The impact of palliative care consultation on symptom assessment, communication needs, and palliative interventions in pediatric patients with cancer

Abstract

Background: There are few data describing symptom prevalence in children with cancer. The available literature suggests that similar to adults, symptom prevalence and distress are high and that communication regarding end-of-life care needs is limited.

Objectives: We evaluated symptom prevalence, treatment recommendations, and communication about end-of-life care issues for children seen in pediatric palliative care consultation (PCC) at one National Cancer Institute-designated comprehensive cancer center. The goal of our study was to obtain baseline data to target areas in need of intervention.

Methods: A retrospective chart review was conducted of consecutive patients referred to a newly initiated PCC service. Analysis was descriptive.

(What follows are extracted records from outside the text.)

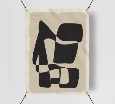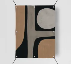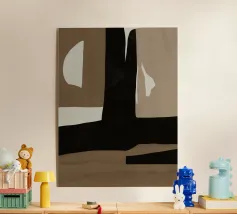 Forme astratte nei toni del marrone e del nero si scontrano e si sovrappongono per creare un senso di profondità e di intrigo. Le diverse tonalità suggeriscono un approccio minimalista, mentre le forme stilizzate invitano all'interpretazione e alla contemplazione individuale.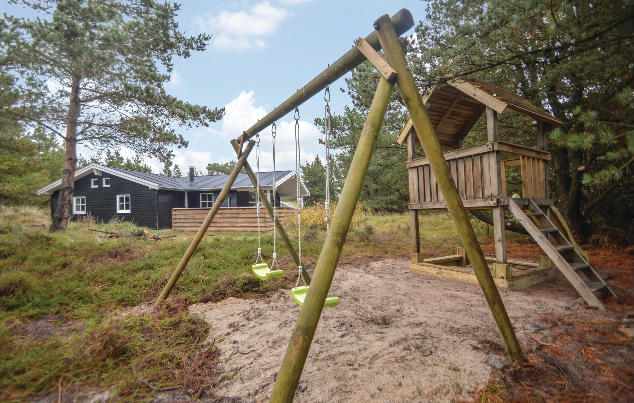 Fra stuen er der udgang til terrassen med havemøbler og grill, hvor I kan opholde jer fra tidligt til sent på de lange varme sommerdage. Den store kuperede naturgrund er et oplagt sted for gemmelege, og legetårnet bliver garanteret også flittigt brugt. 200 m fra feriehuset findes et stort stisystem.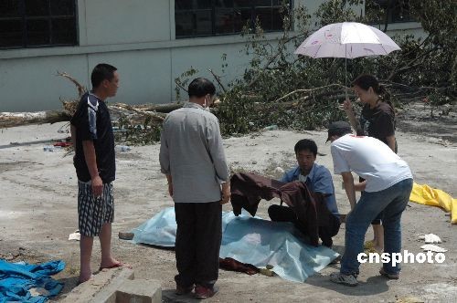 53岁的四川绵竹东方汽轮机厂女职工王发珍创造了生命最光辉奇迹,她在汶川大地震当天被埋在六层楼房下,七天之后的5月19日上午被抢救出来,还呼喊着救命,但终因抢救无效死亡。图为她的儿子(右二)用一件衣服为母亲遗体遮挡太阳,久久不愿离去。中新社发 肖龙联 摄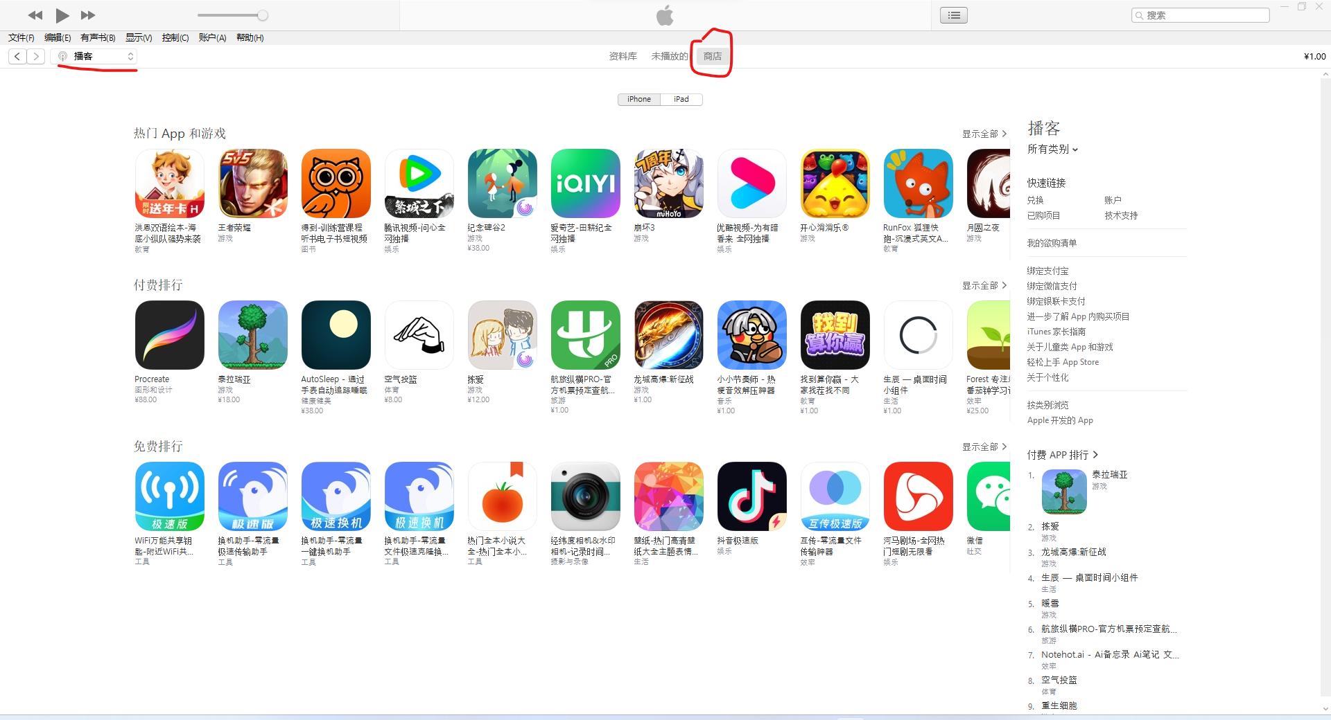 2、对于iTunes布局有些疑惑:“商店”怎么归纳到“播客”项目中了,应该为单独一项(图3)

Results: Over the 9-month study period, 15 children were referred. Median age was 13 years (2-24), with 10 males. Eleven children were receiving chemotherapy and/or radiation. Median number of documented symptoms at PCC was 5 per child (2-10). PCC universally resulted in the detection of symptoms not identified by the primary team, for a median of 3 new symptoms per patient (0-9). Documented communication about most end-of-life care issues with parents was uncommon, and rarely involved children. Initial PPCC resulted in recommendations for medication changes in 14 of 15 children, allied health consultation in 8, counseling in 11, patient care conference in 3, and family conference in 6. For the 12 patients who died, median time from PPCC to death was 8 days (1-96).

Conclusions: PCC, although late in the course, resulted in the detection of multiple symptom control and communication needs, and corresponding treatment recommendations.